__EXERCISE DESCRIPTION__
Which lines of the entries below run from the one holding "Sete peças de" to the one holding "active: dev那么此时,服务启动之后,拉取的配置是namespace 的id", inclusive? Set down exactly those lines and no others.

__EXTRACTED RECORDS__
══════════

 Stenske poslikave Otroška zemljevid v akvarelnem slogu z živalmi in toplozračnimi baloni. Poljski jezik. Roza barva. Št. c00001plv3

══════════

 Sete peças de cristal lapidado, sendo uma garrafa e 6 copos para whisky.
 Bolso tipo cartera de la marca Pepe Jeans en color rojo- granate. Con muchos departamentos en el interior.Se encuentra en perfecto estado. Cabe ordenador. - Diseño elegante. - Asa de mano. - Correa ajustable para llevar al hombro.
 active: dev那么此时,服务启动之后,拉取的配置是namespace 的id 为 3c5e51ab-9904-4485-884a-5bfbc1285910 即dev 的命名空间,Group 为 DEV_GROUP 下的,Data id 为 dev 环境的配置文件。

══════════

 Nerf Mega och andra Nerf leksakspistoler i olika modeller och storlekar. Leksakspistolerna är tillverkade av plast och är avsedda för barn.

══════════

__OUTPUT FOR THIS EXERCISE__
 Sete peças de cristal lapidado, sendo uma garrafa e 6 copos para whisky.
 Bolso tipo cartera de la marca Pepe Jeans en color rojo- granate. Con muchos departamentos en el interior.Se encuentra en perfecto estado. Cabe ordenador. - Diseño elegante. - Asa de mano. - Correa ajustable para llevar al hombro.
 active: dev那么此时,服务启动之后,拉取的配置是namespace 的id 为 3c5e51ab-9904-4485-884a-5bfbc1285910 即dev 的命名空间,Group 为 DEV_GROUP 下的,Data id 为 dev 环境的配置文件。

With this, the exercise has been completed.